I extend my thanks and appreciation to the following instructors who provided formal
reviews for this fifth edition:
• Granville Ansong (Saint Mary’s University)
• Sati P. Bandyopadhyay (University of Waterloo)
• Paul Berry (Mount Allison University)
• Kate Bewley (York University)
• Carla Carnaghan (University of Lethbridge)
• James C. Gaa (University of Alberta)
• Maureen P. Gowing (University of Windsor)
• Irene M. Gordon (Simon Fraser University)
• Mary Oxner (St. Francis Xavier University)
I also thank numerous colleagues and students for advice and feedback. These include
Sati Bandyopadhyay, Phelim Boyle, Dennis Chung, Len Eckel, Haim Falk, Steve Fortin,
Irene Gordon, Jennifer Kao, David Manry, Patricia O’Brien, Bill Richardson, Gordon
Richardson, Dean Smith, Dan Thornton, and Mike Welker. Special thanks to Alex
Milburn for invaluable assistance in understanding IASB standards, and to Dick
VanOfferen for helpful comments and support on all editions of this work.

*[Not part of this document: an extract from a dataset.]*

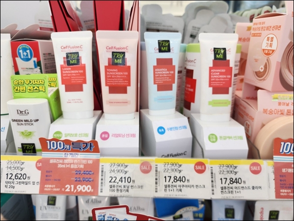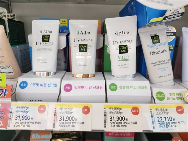 썬크림 제가 고민하고 있는 두 제품입니다. 하나는 [달바 워터플 톤업 선크림] 두번째는 [셀퓨전씨 토닝 썬스크린] 이렇게 두톤업라인으로 두 제품 테스트 해보았는데 둘다 너무 좋아요. 물론 손등에다가 해서 정확성도 조금 떨어지지만 톤업도 자연스럽게 되고, 촉촉한듯 하면서 보송해서 사용감이 좋았어요. 한참 고민하다가 결국 선택을 못했지요. 선택장애가 있는 저의 성격이 여기가 드러나네요. 조금더 고민해보고 올영세일 끝나기 전에 한번 더 방문해서 꼭 구매하려합니다.
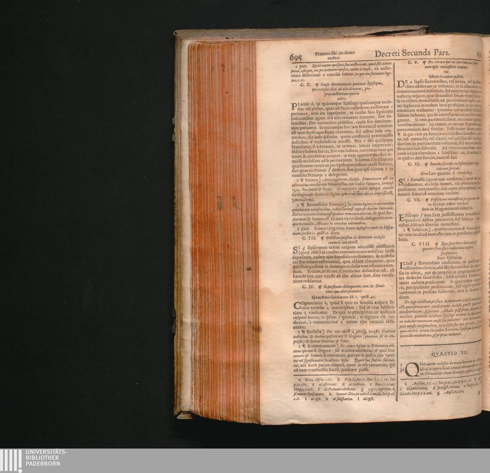 Corpus Juris Canonici : Emendatum Et Notis Illustratum. Indicibus Variis, Novisq[ue] Et Appendice Pauli Lancelotti Perusini Adauctum: Cujus Partes Indicat Aversa Pagina. Accesserunt Novissimè Loci Communes uberrimi, summâ diligentiâ ex ipsis Canonibus collecti, & ordine ac methodo singulari ad usum Fori utriusque fideliter Digesti: Theologis, Politicis, & Practicis pernedessarij. Itemq[ue] Liber VII. Decretalium hac primùm editione Novis aliquot Constitutionibus auctus / Gregorii XIII. Pont. Max. Jussu Editum

I thank the large number of researchers whose work underlies this book. As previous-
ly mentioned, numerous research papers are described and referenced. However, there are
many other worthy papers that I have not referenced. This implies no disrespect or lack
of appreciation for the contributions of these authors to financial accounting theory.
Rather, it has been simply impossible to include them all, both for reasons of space and
the boundaries of my own knowledge.
I am grateful to Carolyn Holden for skilful, timely, and cheerful typing of the original
manuscript in the face of numerous revisions, and to Jill Nucci for research assistance.
At Pearson Education Canada I would like to thank Samantha Scully, Gary Bennett,
Cas Shields, Megan Dunkley, Imee Salumbides, Melissa Hajek, Laurel Sparrow, Leanne
Rancourt, Deborah Starks, Hermia Chung, and Miguel Acevedo.
Finally, I thank my wife and family who, in many ways, have been involved in the
learning process leading to this book.